### Material provided
==========

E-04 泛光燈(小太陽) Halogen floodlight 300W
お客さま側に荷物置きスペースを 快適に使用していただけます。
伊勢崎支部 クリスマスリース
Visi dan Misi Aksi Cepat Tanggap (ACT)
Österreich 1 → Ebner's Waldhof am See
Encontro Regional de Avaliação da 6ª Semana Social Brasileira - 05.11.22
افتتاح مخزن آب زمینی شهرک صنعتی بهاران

==========

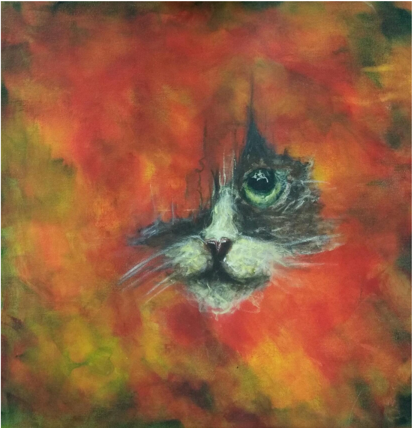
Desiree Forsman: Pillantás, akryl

==========

### Required action
Copy exactly the stretch of data above from the line with "Visi dan Misi Aksi Cepat Tanggap (ACT)" through the line with "افتتاح مخزن آب زمینی شهرک صنعتی بهاران", and omit all other lines.

### Expected output
Visi dan Misi Aksi Cepat Tanggap (ACT)
Österreich 1 → Ebner's Waldhof am See
Encontro Regional de Avaliação da 6ª Semana Social Brasileira - 05.11.22
افتتاح مخزن آب زمینی شهرک صنعتی بهاران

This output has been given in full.